街のあちらこちらでビルが溶け、人が死ぬ世紀末な世界。
その中に、革ジャンをハードに着こなすクールガイがいた。
男の名前はウヴァ。八百年の眠りから蘇りし、人の欲望から産み出された怪物・グリードの一人だ。

ウヴァは逃げ惑う人々を、品定めをするかのように冷静に観察する。
いや、事実ウヴァがしているのは品定めに他ならない――どの人間が、最も強い欲望を持っているのかを、ウヴァは見極めようとしているのだ。
ウヴァ達グリードは、人間の欲望からヤミーと呼ばれる生命体を作り出すことができる。
バトルロワイアルのルールの一つ、二人以上三人以下での行動義務を遵守するため、彼は誰よりも欲望にまみれた人間からヤミーを作ろうとしていた。

「わっ! ご、ごめんなさいっ!」

そして、程無くしてウヴァは求めていた人材を発見する。
小柄なツインテールの少女が、蹴躓いてウヴァにぶつかった。
おとなしそうな少女だったが、ウヴァにはわかる。目の前の少女は、人並み外れた欲望を内に秘めている、と。
ウヴァは何処からともなく銀色のメダル――セルメダルを取り出すと、不安そうにウヴァを見つめる少女にそれを向ける。

「その欲望、解放しろ」
「え?」

途端、少女の脳天にメダルが吸い込まれ――少女の小さな体躯を二つに割き、中から包帯を全身に纏った怪物が姿を現した。

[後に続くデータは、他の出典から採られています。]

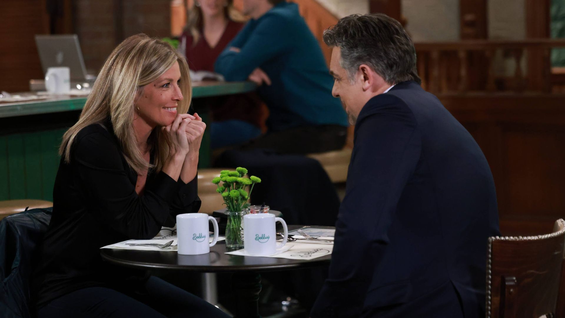 After sharing some first kisses in Germany, Carly (Laura Wright) and Jack (Chris McKenna) shared their first date at the Brown Dog bar, where Lucas and Maxie gawked and added their two cents to the new romance.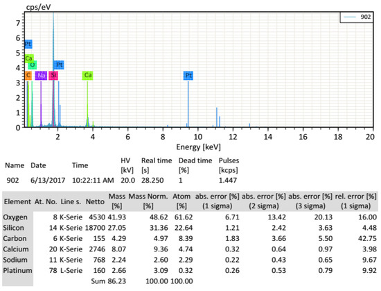 In addition to the dimensions of microsphere, another important issue is to determine the chemical composition of its solid wall. To do so, the energy spectrum of solid wall of HGM is measured in the same equipment FEI Quanta 250 FEG. Figure 4 indicates the wall of HGM is mainly composed of about 80% of SiO2 and 20% CaO.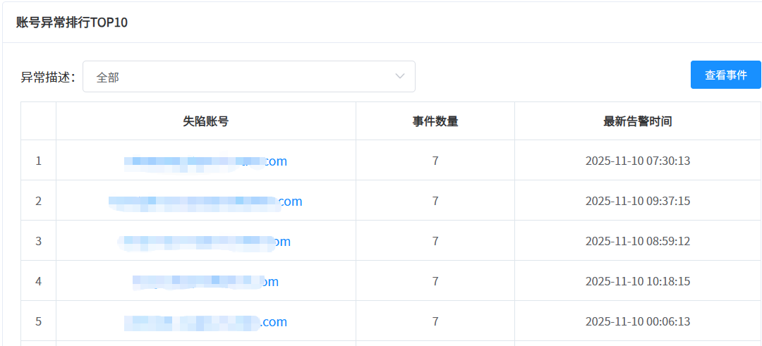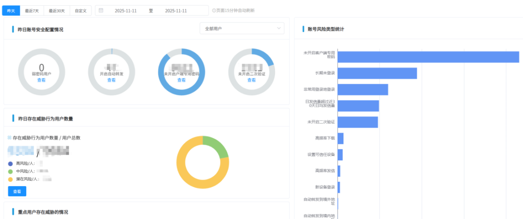 异常排查高效化:快速调取员工账号安全配置、登录数据、风险类型统计,30分钟内完成以往数小时的排查工作,无需逐一找跨区生产、销售同事沟通,保障跨区域邮件协同不中断。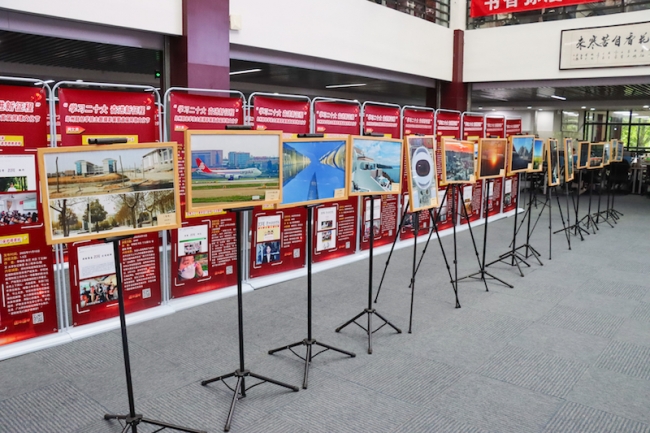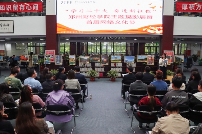 为深入学习宣传贯彻习近平新时代中国特色社会主义思想和党的二十大精神,进一步激发广大师生爱党、爱国、爱社会主义的真挚情感,5月4日下午,由校党委宣传部、校工会联合举办的“学习二十大 奋进新征程”郑州财经学院主题摄影展暨首届网络文化节在图书馆二楼大厅开幕。相关校领导,各二级学院师生代表,摄影比赛获奖者及大学生记者团代表参加开幕式。开幕式由党委宣传部部长杨建伟主持。
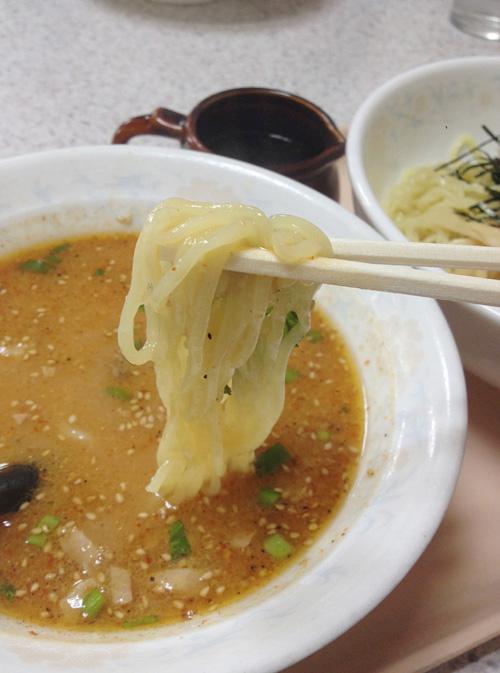 ▼つるつるの麺を辛味噌ベースのつけダレに・・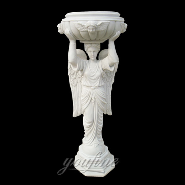 Hand Carved Beautiful Angel White Marble Baptism Font for Church

自分が産み出した醜悪な化け物に、悲鳴を上げる少女。それを承けて愉快そうに笑うウヴァ。背景で人知れず殺されているタケシ。

そして。






少女――小早川ゆたかは、幼い頃から病弱だった。
貧血などで倒れたことは何十回あるか見当もつかないし、入院だって幾度と無くしてきた。
危うく命を失いかけたことだって、一度や二度では無い。

故に、彼女にとって『死』とは身近なものであり。
彼女はずっとそれを恐れ、そして思い続けていた。

『死にたくない』と。






足元に散らばる、数百数千枚の銀色のメダル。
僅かに緑色のものも混じったそれは、自分に『何かをした』男の成れの果てだ。

自分が産んだ怪物は、そのまま目の前にいた男に襲いかかると、胸を貫き、腕を割き、足を割き、首を有り得ない方向へ捻って殺してしまった。
恐らく男は人間では無かったのだろうけれど、人間であろうと無かろうとこれではもうお仕舞いだろう。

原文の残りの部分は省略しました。